Morar só = as coisas se encaminham inevitavelmente dessa forma. Como ter condições psicológicas, emocionais, financeiras para isso quando você se recusou a fazer tudo o que lhe daria retorno financeiro para arriscar-se na vida a querer e tentar fazer o que te move, o que te alimenta de amor e felicidade?

Afinal, fazer também é se arriscar.
Viver é se arriscar. E eu prefiro fazer isso com amor.


(ouvindo Quilombo/Tiro de Misericórdia/Escadas da Penha – by Acústico MTV João Bosco)

16 julho 2006

uma água cercada de terra por todos os lados

Experienciar as sensações, todas elas, convergindo em mim, perambulando, trafegando, remexendo, encantando tudo ao meu redor e também me dilacerando, esmigalhando toda as minhas possibilidades de ver felicidade na vida. Talvez seja esse o meu defeito; ou talvez não, talvez não seja um defeito, apenas uma forma peculiar (e bota peculiar nisso) de sentir o mundo, as pessoas, os sentimentos. Eu me permito viver tudo, da forma mais plena e visceral, apaixonada, “sem economias” (como me disse uma vez Fernanda Santos, num depoimento pra mim, no orkut).

É essa minha relação passional com o mundo que acaba encantando algumas pessoas, fazendo outras temerem pela minha integridade emocional, e outras até se assustarem com isso. Na opinião dessas duas últimas eu me entrego demais, eu me apego fácil, eu vivo tudo de forma muitíssimo exacerbada, o que causa certo estranhamento. Eu já vejo de outra forma: acho que as pessoas é que vivem de menos, sentem de menos, se apaixonam de menos. Eu apenas vivo na medida e no limite que a vida me dá como brechas; se isso é um erro, eu sou o cara mais errado do mundo.

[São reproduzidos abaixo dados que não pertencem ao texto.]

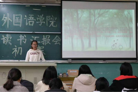 为提高同学们的阅读兴趣,贯彻落实国家“全民阅读”的政策,外国语学院于11月23日晚7点在至善楼3228教室举行读书汇报会初赛,比赛现场选手们热情高涨,竞争激烈。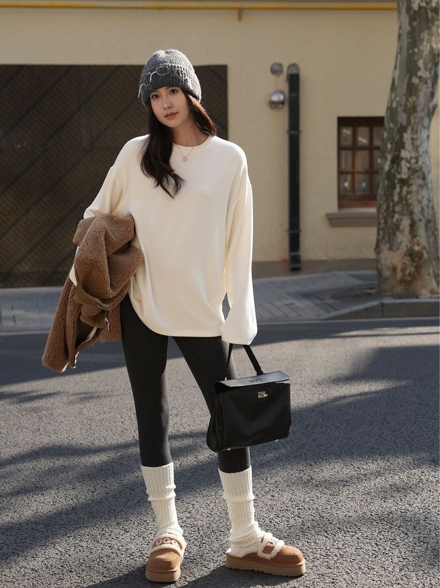 Vietnamese celebrities are among those leading the trend. Singer Ho Ngoc Ha recently showcased her thermal leggings during a trip to New York on 29/11. She opted for a thick, two-layer pair, combining them with a cozy sweater, sneakers, and a baseball cap to create a dynamic and comfortable travel look. Similarly, Chi Pu chose thermal leggings for warmth, pairing them with a sheepskin-lined suede jacket during her outing in Trung Quoc. Le Quyen, while traveling in Europe, selected two styles of thermal leggings, one black and one white, to complement her tall boots and fur coat, exuding a luxurious aesthetic.
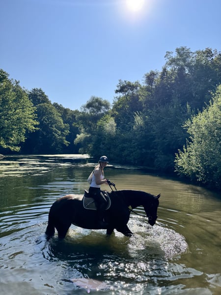 Diva ist eine Oldenburger Stute (geb. April 2012) und hat ein Stockmaß von ca. 1,80 m. Sie hat eine solide Grundausbildung, ist A-Springen sowie E-Dressur gelaufen. Aufgrund von zwei kleineren Befunden ist sie künftig eher im Freizeit- bzw. kleinen Turnierbereich zu sehen: vereinzelt Sprünge bis L-Höhe sind möglich, eine L-Dressur wird sie jedoch voraussichtlich nicht laufen können. Diva ist ein echtes Verlasspferd mit Herz – ihr Charakter ist Gold wert, im Umgang macht sie wirklich alles mit. Sie hat jedoch guten Zug nach vorn und ist daher nicht für Anfänger geeignet. Abstammung: Don Romantic x Hotline – ggf. auch interessant für die Zucht (sofern die Befunde das zulassen). Preisvorstellung: 6.000 € VB – hier gilt aber Platz vor Preis.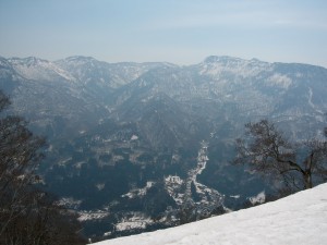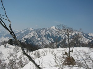 結果は、布岩山1500mまでしか登れなかったことになりましたが、そこは、広々とした台地でクマの足跡もチラホラ、眼下には秋山郷小赤沢集落、定宿の民宿「えーのかみ」も見えて、素敵な眺めでした。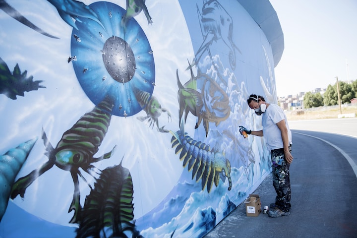 Gadekunstneren Ulrik Schiødt fik tildelt en kæmpe mur i 1999, 170 meter lang og mindst 3 meter høj. Dette var et perfekt lærred til at vise hele verdens udviklingshistorie med et megastort vægmaleri.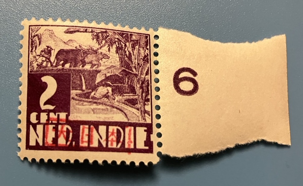 - 南方占領地 切手★東インド スマトラ 大日本 加刷 2SEN 加刷 裏のり 丸まり すかし有り 未使用

Eu amo, amo demais, tudo e mais um pouco. E sei que no mundo em que vivemos hoje, cada vez mais desumanizado, frio, individualista, onde as pessoas têm medo e relutância em SENTIR, esse meu comportamento é, no mínimo, kamikaze. E eu me apaixono por um toque, um olhar, uma palavra, um cheiro, uma essência, uma energia, um abraço, um beijo.. enfim, eu me apaixono por tudo que possa me provocar sensações carnais, espirituais, afetivas, etc. E é nesse ponto que vejo o quanto a efemeridade das coisas, a fugacidade tão agressivamente volátil delas se revela por inteiro, nessas experiências com os outros, ditos “seres humanos”, nessas relações interpessoais, nesse vazio de sensações e na total indiferença que se manifestava no segundo seguinte ao do amor.

Muitas dessas moças que passaram pela minha vida despertaram coisas bonitas, agradáveis, interessantes (cada uma delas sabe muito bem seu valor na minha vida). Só que, geralmente, não passava de um ou dois encontros.. o comportamento refratário vinha logo em seguida, aliado a uma frieza, evitando-me, fugindo de mim.. E a tristeza, desordeira, se instalava por completo, por eu sentir que não fui capaz de despertar beleza nelas, as moças. Ultimamente, tenho me incomodado profundamente com isso.. com essa inconstâncias e com a velocidade com que essas relações são descartáveis e fenecem, se diluem, pulverizadas, num simples "tchau", num desencontro de almas.. meu corpo, minha alma e meu coração andam se cansando dessa repulsa em querer viver que há nas outras pessoas, ou da “não-doação” às possibilidades de sentir que elas poderiam me dar, para que eu mostrasse o quanto seres humanos lindos querem/precisam viver em harmonia, amando, na poesia do abraço, do beijo, do sexo e de um amor absurdamente belo. Será que eu estou errado? E mesmo que eu esteja, sou teimoso, insisto e acredito que ainda há muito de ser humano nessas pessoas que eu freqüento/freqüentei/freqüentarei. Ainda acredito muito que vou provar um pouco do sabor de felicidade nessas relações passionais. Não quero perder minha capacidade de sentir o lúdico nas coisas da vida. Esse lúdico que tanto tem me acariciado como também me atormentado, quando percebo que converso com pessoas o dia inteiro, sobre os mais diversos assuntos, e no final das contas sou eu, na multidão de prazeres e regozijos efêmeros, buscando essência onde só restam ossos e ferrugem.

Essa postagem é para todas as mulheres que passaram pela minha vida, e para todas que ainda virão.

aahhh, se ela soubesse que eu estou aqui, por inteiro.